- Opening Delimiter -

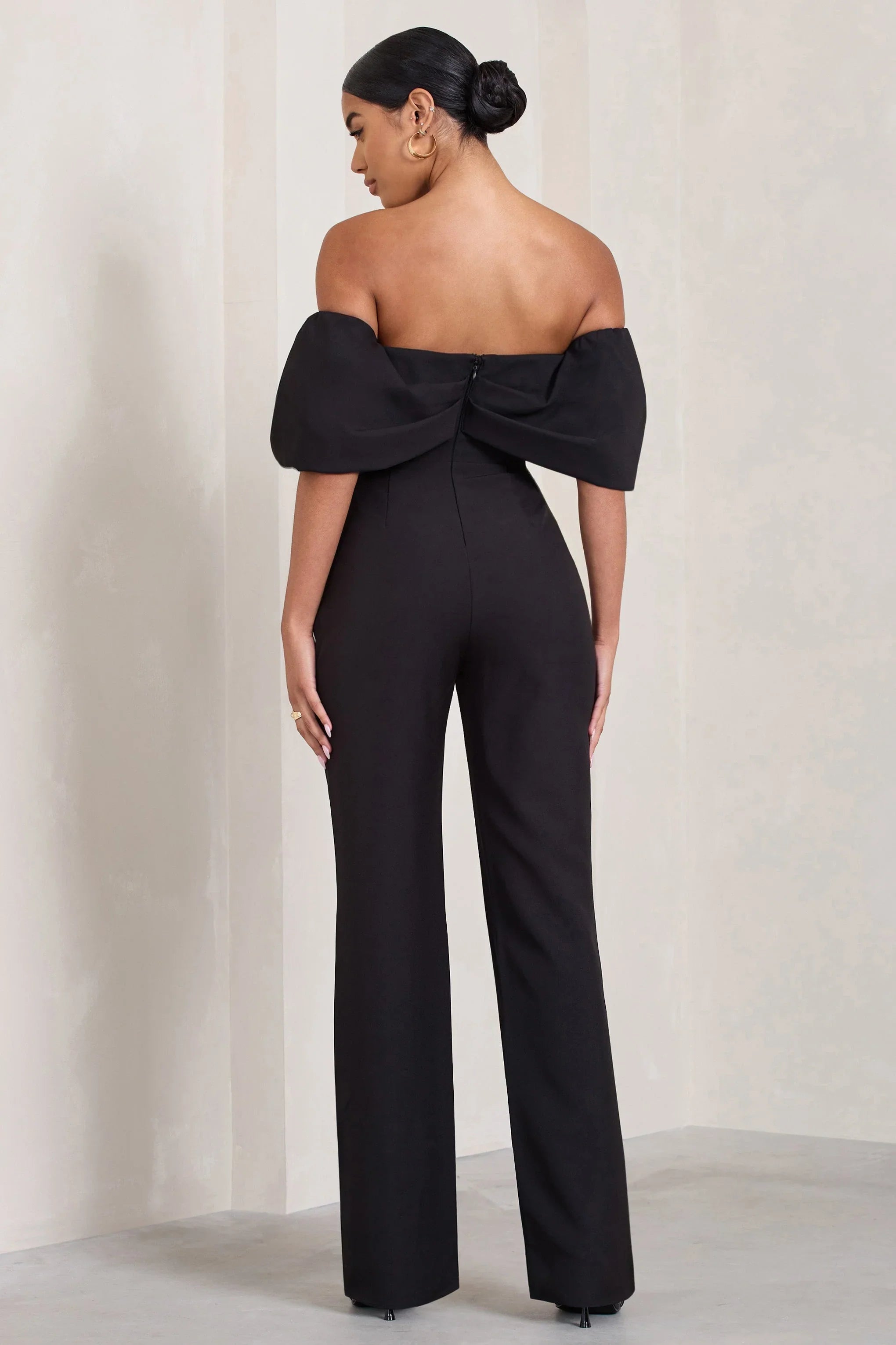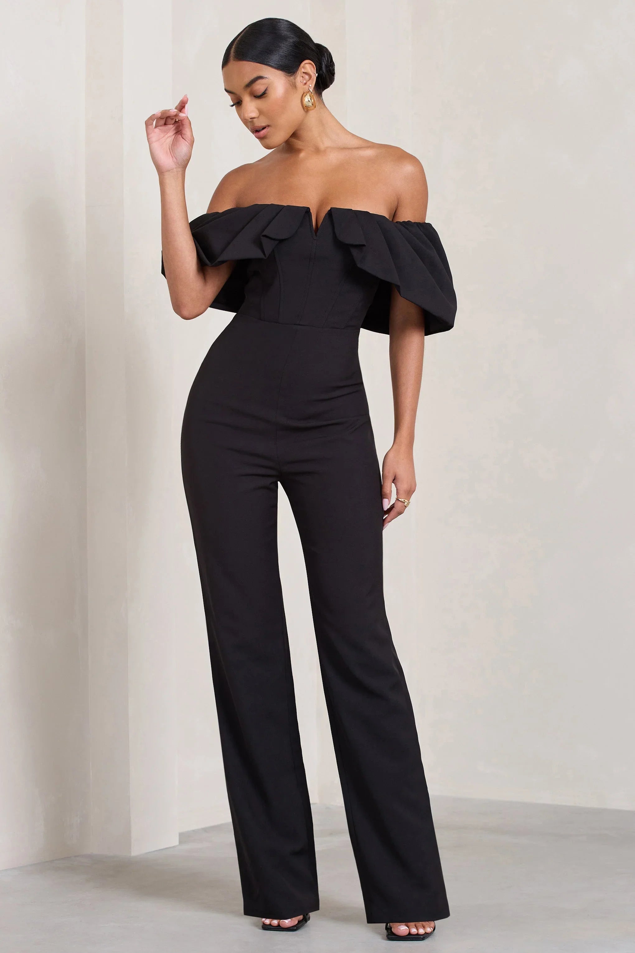 Time Will Tell is the form-fitting jumpsuit to stand out in any lavish evening setting. Crafted in a premium black crepe with supportive stretch and structured boning, this Bardot jumpsuit boasts voluminous short sleeves that drape off each shoulder and long wide legs. Style this special occasion staple with diamond drop earrings for timeless appeal.
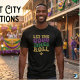 Get ready to celebrate Fat Tuesday in style with this festive design! This shirt features the classic New Orleans phrase "Let The Good Times Roll" in a bold, retro font with a faux-glitter texture in traditional Mardi Gras colors: purple, green, and gold. Accented with a classic Fleur-de-lis, this design captures the spirit of the French Quarter.
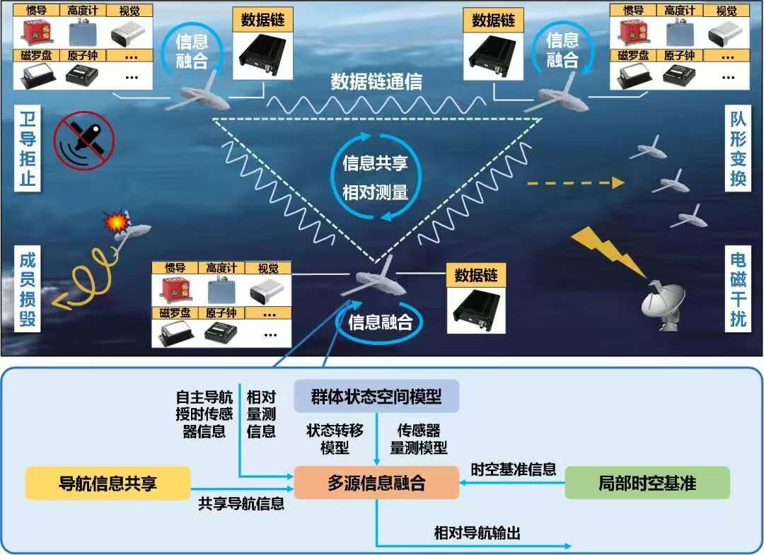 简介:无人机集群作战正逐渐成为未来智能化战争的重要手段。相对导航能够为无人机集群提供不依赖卫星的相对定位与授时信息,支撑机群完成协同作战任务,是卫星导航拒止下无人机集群作战的核心技术。项目以群体导航建模、交互策略设计、分布式信息融合、时空基准优化为研究方向,提升相对导航精确性、灵活性、可靠性,为卫导拒止下无人机集群协同作战提供导航支撑。
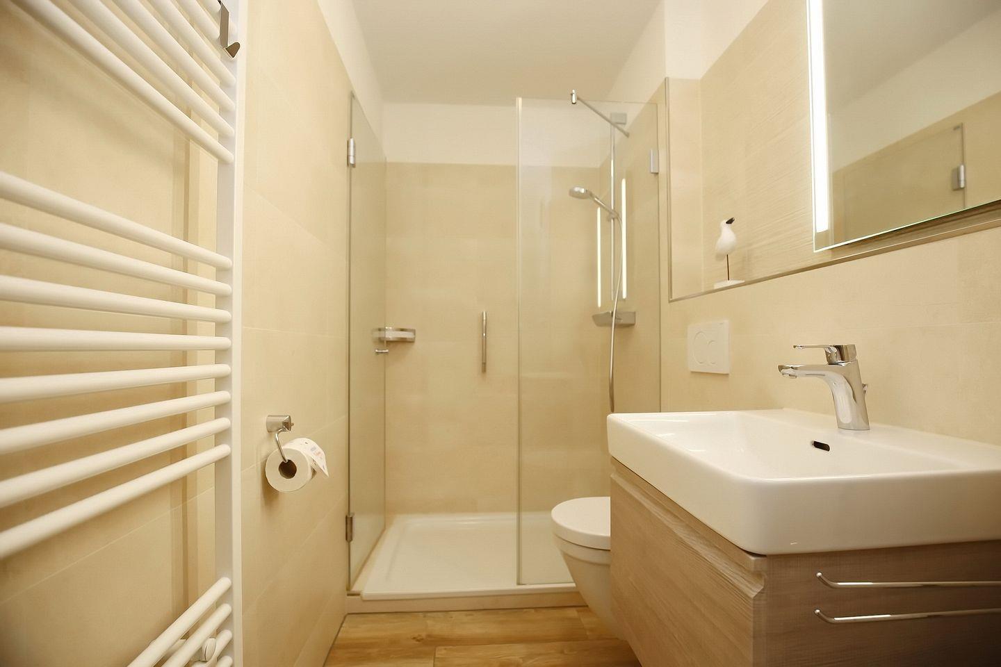 Das hell geflieste Duschbad bietet einen Waschtisch, eine Dusche und ein WC. In dieser Nichtraucherwohnung sind Haustiere nicht erlaubt. Ein Freistellplatz sorgt für die sichere Unterbringung deines Autos.
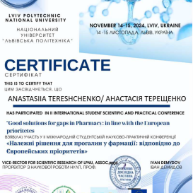 Участь у II Міжнародній студентській науково-практичній конференції «Належні рішення для прогалин у фармації: відповідно до Європейських пріоритетів»
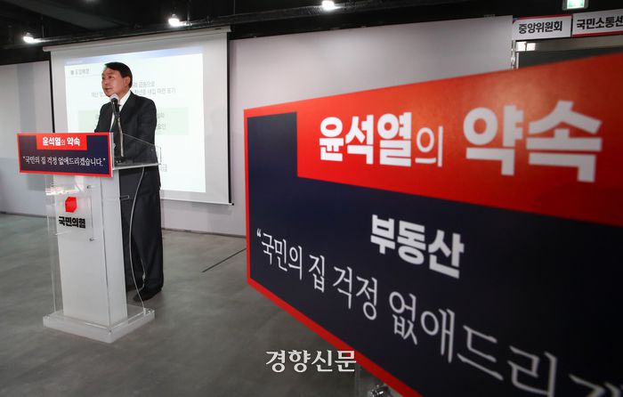 2021년 8월 29일 당시 국민의힘 대통령 후보가 서울 여의도 중앙당사에서 ‘국민께 드리는 윤석열의 약속’ 부동산편 공약발표를 하고 있다. 국회사진기자단 |
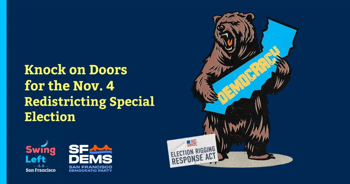 Join Swing Left San Francisco & the San Francisco Democratic Party to knock on doors every weekend until Election Day! You'll be notified of the exact meeting location before each canvass.

- Closing Delimiter -

What needs to be done ▸ A word-for-word copy of the listing is the goal; keep every picture out of it.

Solution ▸
 Time Will Tell is the form-fitting jumpsuit to stand out in any lavish evening setting. Crafted in a premium black crepe with supportive stretch and structured boning, this Bardot jumpsuit boasts voluminous short sleeves that drape off each shoulder and long wide legs. Style this special occasion staple with diamond drop earrings for timeless appeal.
 Get ready to celebrate Fat Tuesday in style with this festive design! This shirt features the classic New Orleans phrase "Let The Good Times Roll" in a bold, retro font with a faux-glitter texture in traditional Mardi Gras colors: purple, green, and gold. Accented with a classic Fleur-de-lis, this design captures the spirit of the French Quarter.
 简介:无人机集群作战正逐渐成为未来智能化战争的重要手段。相对导航能够为无人机集群提供不依赖卫星的相对定位与授时信息,支撑机群完成协同作战任务,是卫星导航拒止下无人机集群作战的核心技术。项目以群体导航建模、交互策略设计、分布式信息融合、时空基准优化为研究方向,提升相对导航精确性、灵活性、可靠性,为卫导拒止下无人机集群协同作战提供导航支撑。
 Das hell geflieste Duschbad bietet einen Waschtisch, eine Dusche und ein WC. In dieser Nichtraucherwohnung sind Haustiere nicht erlaubt. Ein Freistellplatz sorgt für die sichere Unterbringung deines Autos.
 Участь у II Міжнародній студентській науково-практичній конференції «Належні рішення для прогалин у фармації: відповідно до Європейських пріоритетів»
 2021년 8월 29일 당시 국민의힘 대통령 후보가 서울 여의도 중앙당사에서 ‘국민께 드리는 윤석열의 약속’ 부동산편 공약발표를 하고 있다. 국회사진기자단 |
 Join Swing Left San Francisco & the San Francisco Democratic Party to knock on doors every weekend until Election Day! You'll be notified of the exact meeting location before each canvass.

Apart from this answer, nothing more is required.